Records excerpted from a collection
-.-.-

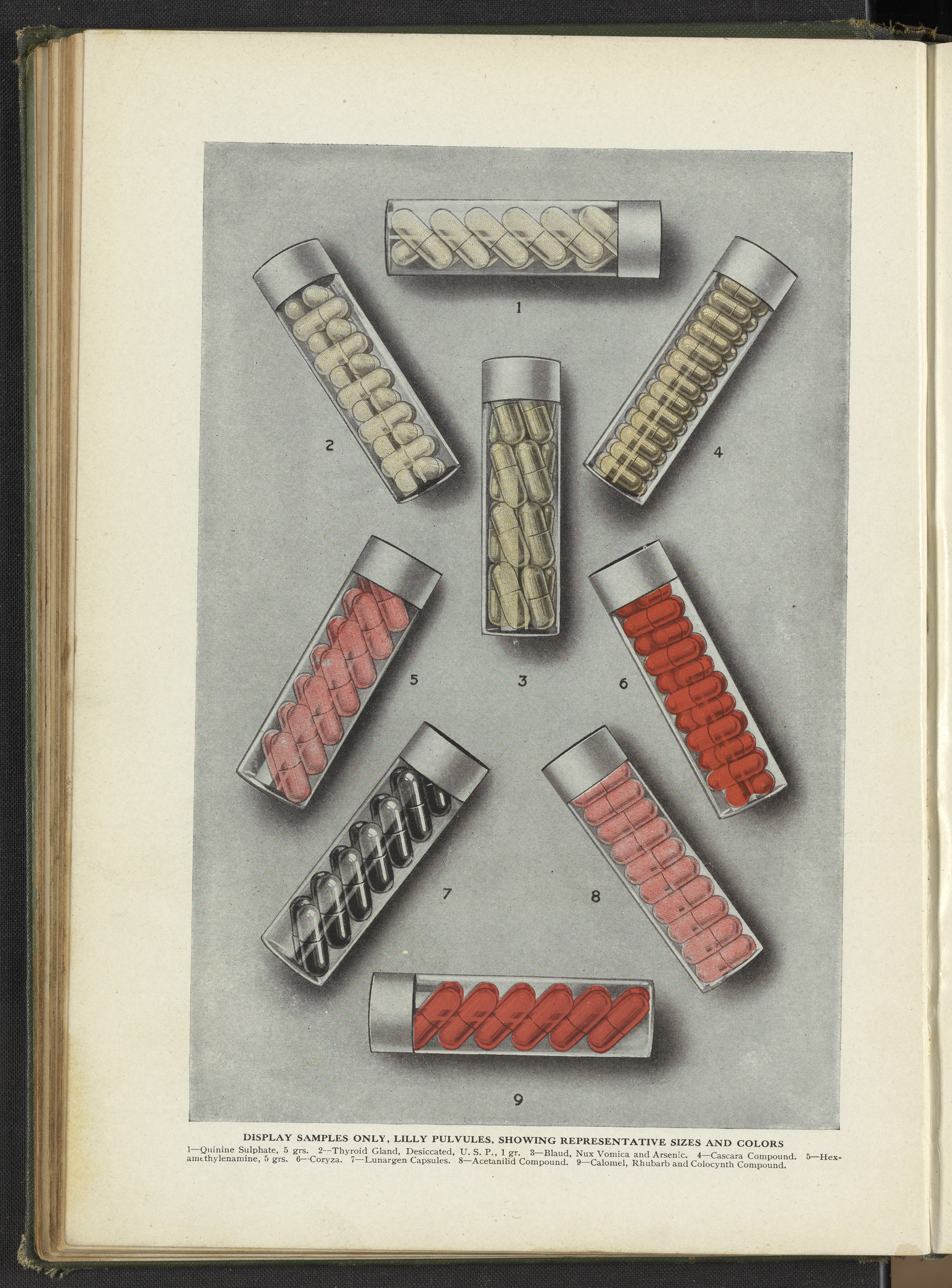 Eli Lilly and Company. “Display Samples Only, Lilly Pulvules, Showing Representative Sizes and Colors.” Hand Book of Pharmacy and Therapeutics. Indianapolis, Indiana, circa 1919. https://digital.sciencehistory.org/works/d217qq76x.
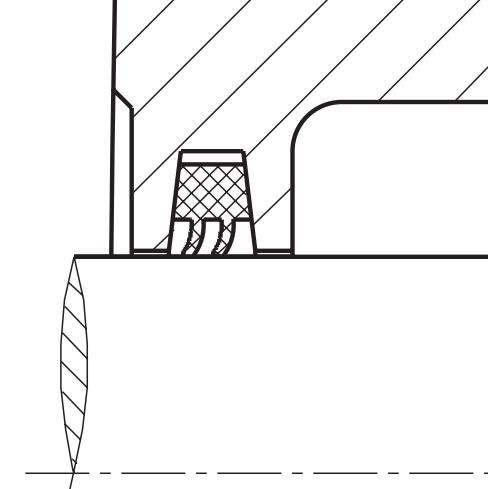 2、V形密封圈。V形密封圈通常與毛氈密封件結合使用,也可以使用雙唇密封代替毛氈,提供了額外且廉價的防止濕氣進入軸承殼的保護,V形密封圈可用于圓周速度高達15m/s的轉速,該類密封圈由丁腈橡膠(NBR)制成,適用于100℃以下的溫度,如果要求更高的溫度,則需要特殊材料(如氟橡膠)。V形密封圈不僅適用于潤滑脂潤滑的軸承座,還可作為油潤滑軸承座的輔助密封。
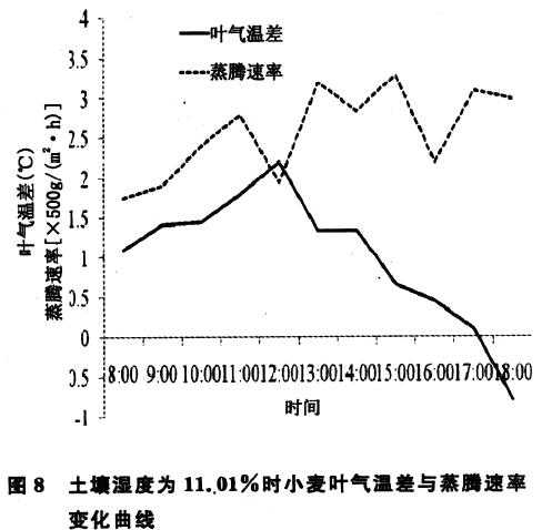 根據能量平衡原理,葉片與空氣溫差的變化取決于太陽凈輻射的強弱和作物蒸騰量的大小。當作物獲得充分的水分供應,葉片因蒸騰而冷卻,溫度下降并低于其在蒸騰抑制時所能達到的溫度;而當水分供應減少時,作物蒸騰的潛熱減少,顯熱增加,葉片溫度相應上升。
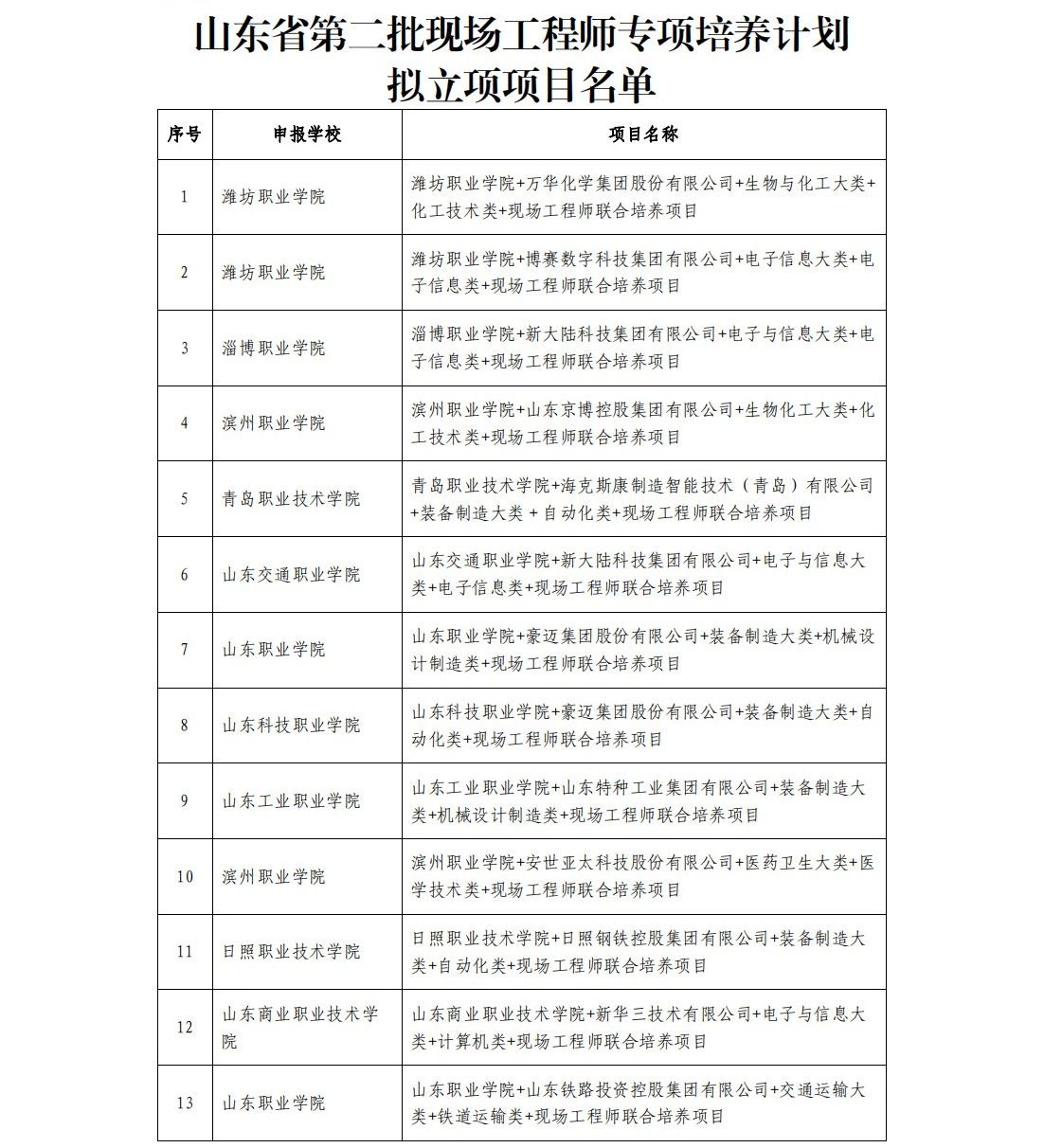 栏目推荐 教学科研 山东省第二批现场工程师专项培养计划项目遴选结果 根据《山东省教育厅关于开展山东省第二批现场工程师专项培养计划项目申报工作的通知》(鲁教职函〔2023〕61号)要求,经相关学校申报,我厅组织专家遴选,拟确定立项68个项目作为“山东省第二批现场工程师专项培养计划项目”。德州科技职业学院的新华三技术有限公司+电子与信息大类+计算机类+现场工程师联合培养项目通过遴选。 上一篇:德州科技职业学院获大数据产教融合分中心授牌 下一篇:“智驭未来·码动梦想” ——信息工程学院举办计算机程序员职业认定培训会
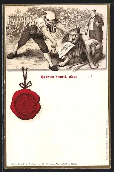 Lithographie Heraus damit, oder...!, Deutscher Michel und Löwe mit Sprachverordnung im Maul
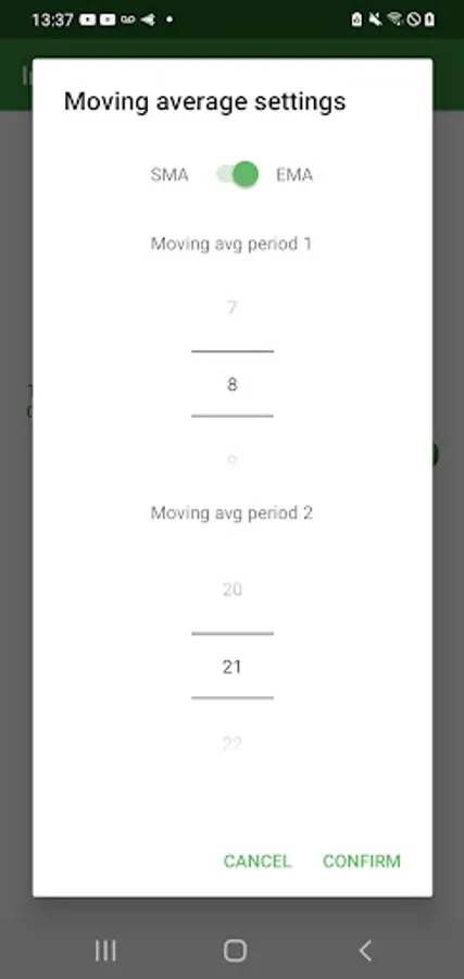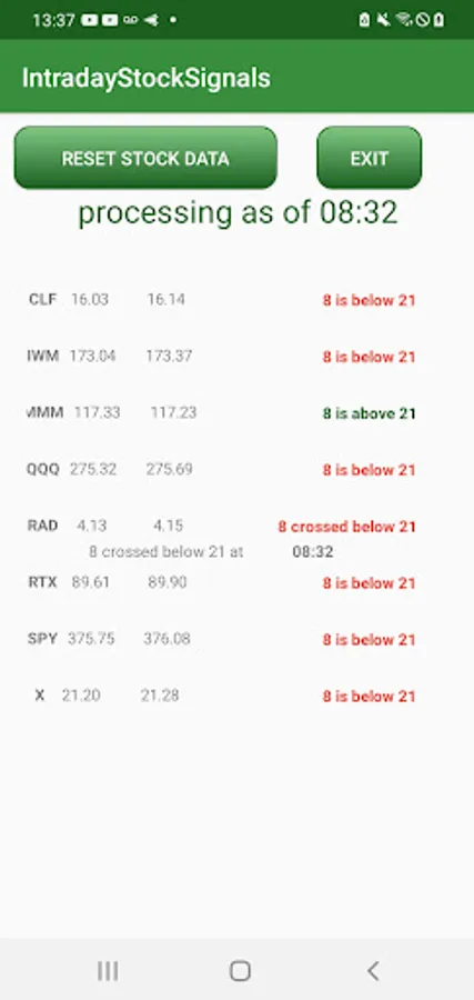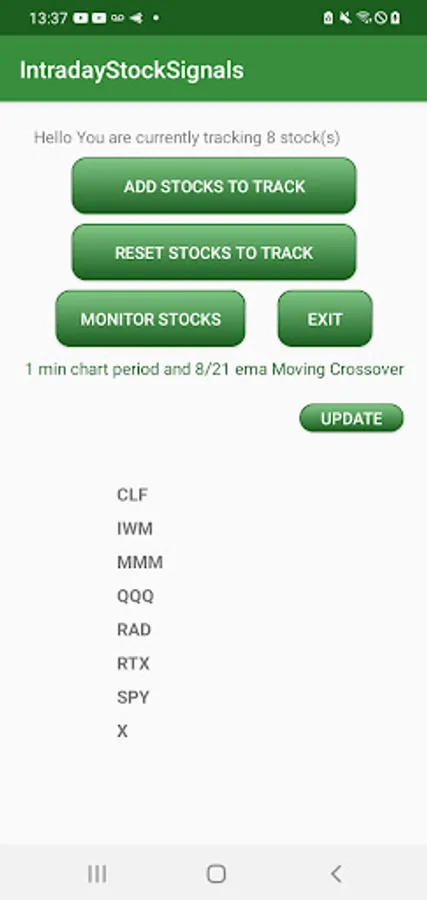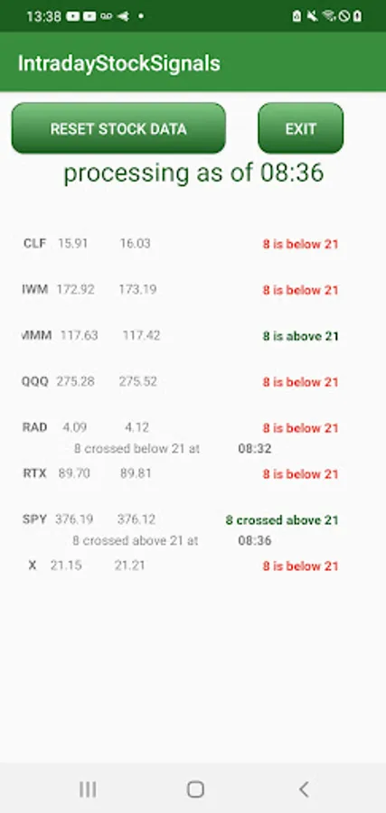 As a user, you can select what type of moving average (simple or exponential) and which two time periods to track on a 1-minute stock chart. The app will alert you for moving average crossovers and indicate if the 1st (shorter time frame) moving average is above or below the 2nd (longer time frame) moving average
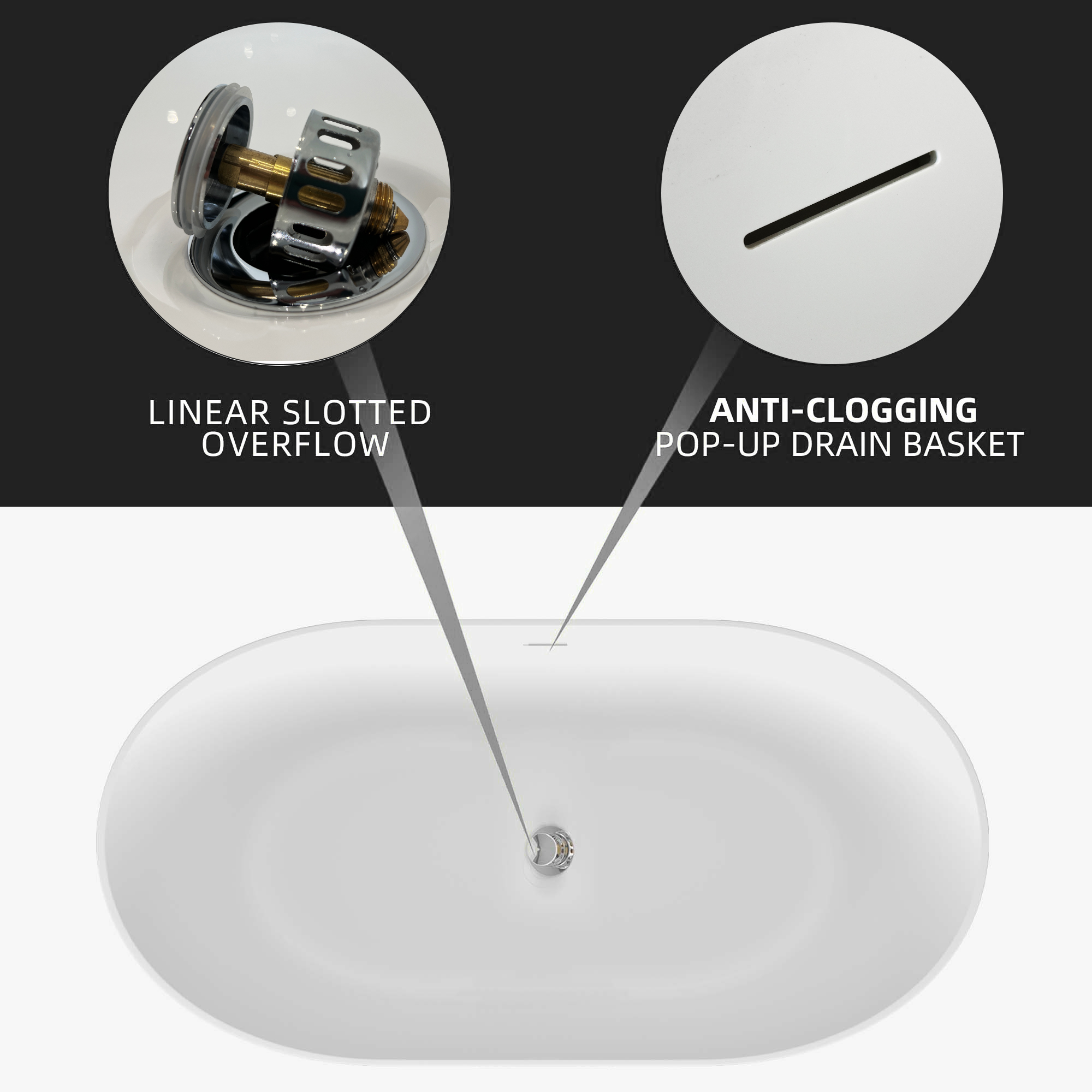 The overflow and drain of this freestanding bathtub 59 inches is an integrated sealed system. The overflow is a stylish linear slot, with no need to cover it. And this black freestanding tub comes with a chrome pop-up drain with a basket, made of stainless steel and a silica gasket seal, it is durable & watertight & anti-clogging, and very useful to keep your jewelry away from the drain.ABS drain pipe is included.
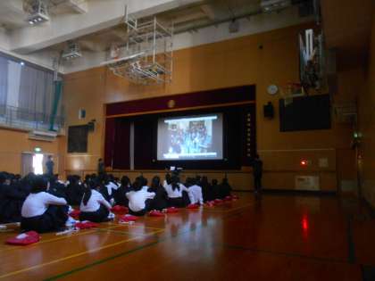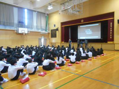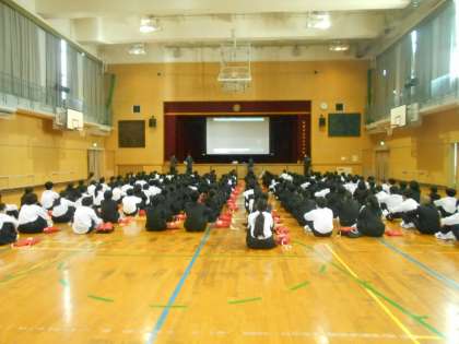 今日の6限目は、体育館で部活動紹介のビデオを見ました。
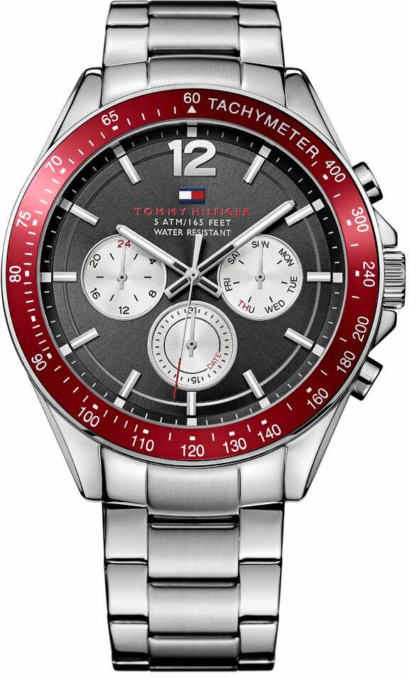 Tommy Hilfiger Luke 1791122 on näyttävä miesten kello hopean värisellä rungolla ja punaisella kellotaulun kehällä. Ominaisuuksina päivyri, viikonpäivänäyttö sekä 24h näyttö. Kellon rungon leveys 46 mm ja rungon paksuus 12 mm. Metallirannekkeen leveys on 22 mm. Tommy Hilfiger kellot toimitetaan valmistajan alkuperäisessä rasiassa ja niille myönnetään 2 vuoden takuu.
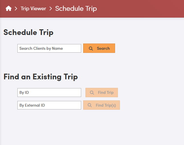 In the Schedule Trip window, you’ll see options to search for an existing trip by entering either the Trip ID or the External ID.
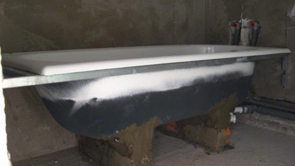 Il convient de rappeler que lors du montage de la baignoire sur pieds, un sol plat est requis en dessous. Cependant, il n'est pas nécessaire de retirer le sol si la baignoire est installée sur des briques. Dans ce cas, l'ensemble du processus est similaire et ne diffère que par le fait que le produit est situé sur une base en brique, ce qui est fiable pour un objet aussi lourd. Vous n'avez qu'à niveler la base.
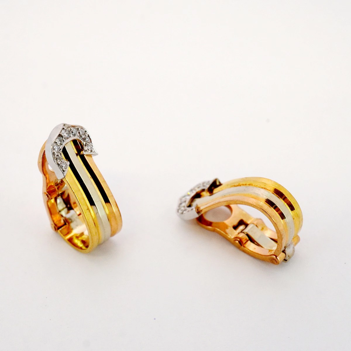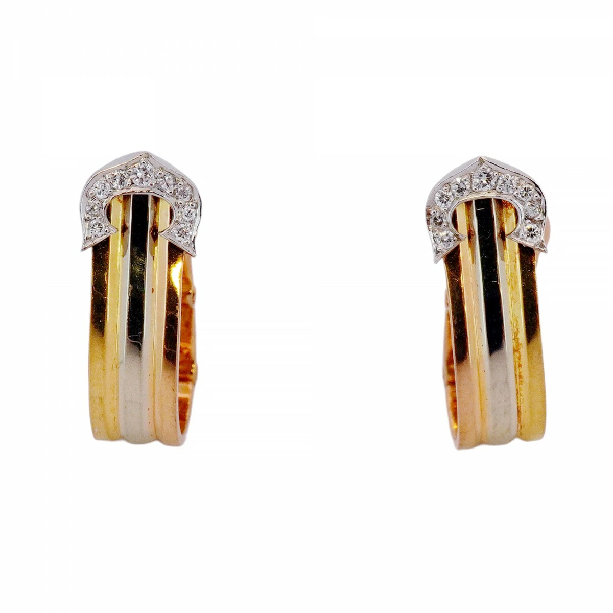 【5jmb0978】カルティエ イヤリング 2C スリーカラー K18YG イエローゴールド K18WG ホワイトゴールド K18PG ピンクゴールド/ダイヤモンド【中古】レディース

-.-.-

* _To do_: In the answer, repeat exactly the lines from the top of the entries above through the line with "Tommy Hilfiger Luke", and leave pictures out of it.

* _Completed exercise_:
 Eli Lilly and Company. “Display Samples Only, Lilly Pulvules, Showing Representative Sizes and Colors.” Hand Book of Pharmacy and Therapeutics. Indianapolis, Indiana, circa 1919. https://digital.sciencehistory.org/works/d217qq76x.
 2、V形密封圈。V形密封圈通常與毛氈密封件結合使用,也可以使用雙唇密封代替毛氈,提供了額外且廉價的防止濕氣進入軸承殼的保護,V形密封圈可用于圓周速度高達15m/s的轉速,該類密封圈由丁腈橡膠(NBR)制成,適用于100℃以下的溫度,如果要求更高的溫度,則需要特殊材料(如氟橡膠)。V形密封圈不僅適用于潤滑脂潤滑的軸承座,還可作為油潤滑軸承座的輔助密封。
 根據能量平衡原理,葉片與空氣溫差的變化取決于太陽凈輻射的強弱和作物蒸騰量的大小。當作物獲得充分的水分供應,葉片因蒸騰而冷卻,溫度下降并低于其在蒸騰抑制時所能達到的溫度;而當水分供應減少時,作物蒸騰的潛熱減少,顯熱增加,葉片溫度相應上升。
 栏目推荐 教学科研 山东省第二批现场工程师专项培养计划项目遴选结果 根据《山东省教育厅关于开展山东省第二批现场工程师专项培养计划项目申报工作的通知》(鲁教职函〔2023〕61号)要求,经相关学校申报,我厅组织专家遴选,拟确定立项68个项目作为“山东省第二批现场工程师专项培养计划项目”。德州科技职业学院的新华三技术有限公司+电子与信息大类+计算机类+现场工程师联合培养项目通过遴选。 上一篇:德州科技职业学院获大数据产教融合分中心授牌 下一篇:“智驭未来·码动梦想” ——信息工程学院举办计算机程序员职业认定培训会
 Lithographie Heraus damit, oder...!, Deutscher Michel und Löwe mit Sprachverordnung im Maul
 As a user, you can select what type of moving average (simple or exponential) and which two time periods to track on a 1-minute stock chart. The app will alert you for moving average crossovers and indicate if the 1st (shorter time frame) moving average is above or below the 2nd (longer time frame) moving average
 The overflow and drain of this freestanding bathtub 59 inches is an integrated sealed system. The overflow is a stylish linear slot, with no need to cover it. And this black freestanding tub comes with a chrome pop-up drain with a basket, made of stainless steel and a silica gasket seal, it is durable & watertight & anti-clogging, and very useful to keep your jewelry away from the drain.ABS drain pipe is included.
 今日の6限目は、体育館で部活動紹介のビデオを見ました。
 Tommy Hilfiger Luke 1791122 on näyttävä miesten kello hopean värisellä rungolla ja punaisella kellotaulun kehällä. Ominaisuuksina päivyri, viikonpäivänäyttö sekä 24h näyttö. Kellon rungon leveys 46 mm ja rungon paksuus 12 mm. Metallirannekkeen leveys on 22 mm. Tommy Hilfiger kellot toimitetaan valmistajan alkuperäisessä rasiassa ja niille myönnetään 2 vuoden takuu.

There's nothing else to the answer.